Title: Pediatric Rheumatology – Clinical Poster III

Session Type: Poster Session C

Session Time: 10:30AM-12:30PM

Background/Purpose: Our aim is to explore whether clinical features and long-term outcomes depend on autoantibodies in juvenile- and adult-onset systemic sclerosis (SSc), since they were not fully elucidated.

Methods: Autoantibodies, clinical characteristics, and cumulative survival rates for a maximum of 20 years were retrospectively analyzed in data from the Kyoto University Registry (juvenile-SSc [under 18 years old], n=17; adult-SSc, n=487) by Mann-Whitney U test, Fisher exact test, log-rank test, disease duration adjusted Cox proportional hazard analyses.

Results: The onset age was 14.9±3.8 years old for juvenile-SSc and 54.5±13.9 years old for adult-SSc. Higher levels of modified Rodnan Skin Score (mRSS) (juvenile-SSc vs. adult-SSc, 23.8±12.7 vs. 14.5±8.06, p=0.004) and higher frequencies of diffuse cutaneous SSc (88% vs. 48%, p=0.0001) and ileus (18% vs. 3%, p=0.02) were observed in juvenile-SSc compared to adult-SSc (Figure 1). In juvenile-SSc, anti-topoisomerase-I was the most frequent and followed by anti-centromere: autoantibodies were detected as anti-topoisomerase-I (juvenile-SSc vs. adult-SSc, 75% vs. 26%), anti-centromere (24% vs. 54%), and anti-RNA polymerase-III (RNAP-III, 0% vs. 12%). Diffuse cutaneous SSc and multi-organ involvement were observed in anti-topoisomerase-I compared to anti-centromere in both juvenile-SSc and adult-SSc. Furthermore, anti-RNAP-III in adult-SSc was associated with a higher incidence of scleroderma renal crisis (SRC, 18%) compared to anti-topoisomerase-I and anti-centromere.

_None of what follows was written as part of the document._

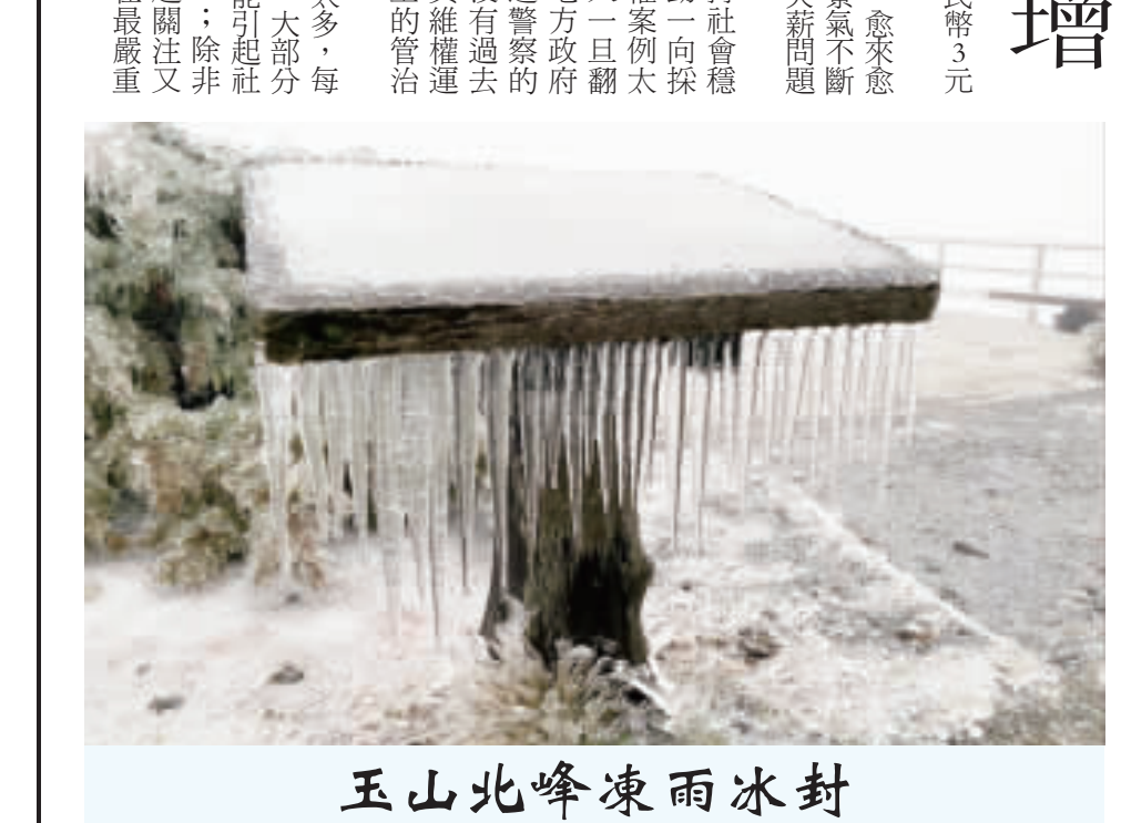
大陸冷氣團影響，玉山氣象站（北峰）24日清晨最低溫為攝氏零下2度，冰封山頭。（圖、氣象署提供/文、中央社）

Treatments were not different between juvenile-SSc and adult-SSc: glucocorticoid (juvenile-SSc vs. adult-SSc, 29% vs. 21%, p=0.39), and immunosuppressants (21% vs. 28%, p=0.76). A total of 41 patients died during 20 years, including 1 juvenile patient with anti-topoisomerase-I. Causes of death were scleroderma-related (51%), malignancy (27%), infection (10%), and others (12%). Cumulative survival rates by Kaplan-Meier curve were not different between juvenile-SSc (92%) and adult-SSc (87%) (p=0.36 by log-rank test) (Figure 2A). Cumulative survival classified by autoantibodies were not different significantly: anti-centromere (89.6%), anti-topoisomerase-I (89.4%), other (82.6%), and anti-RNAP-III (63.9%) (Figure 2B). There were no significant differences between juvenile-SSc and adult-SSc when they were classified by anti-centromere or anti-topoisomerase-I (Figure 2C, 2D). By cox proportional hazard analyses for death, onset age (hazard ratios: 1.062, 95% confidence interval: 1.034-1.091), pulmonary hypertension (2.02, 1.01-4.05), SRC (14.9, 6.01-37.0), ileus (3.37, 1.31-8.64), necrosis (3.65, 1.52-8.77), and glucocorticoid use (2.52, 1.56-4.07) were associated with death (Table 1). In contrast, hazard ratios of autoantibodies for death were not significant.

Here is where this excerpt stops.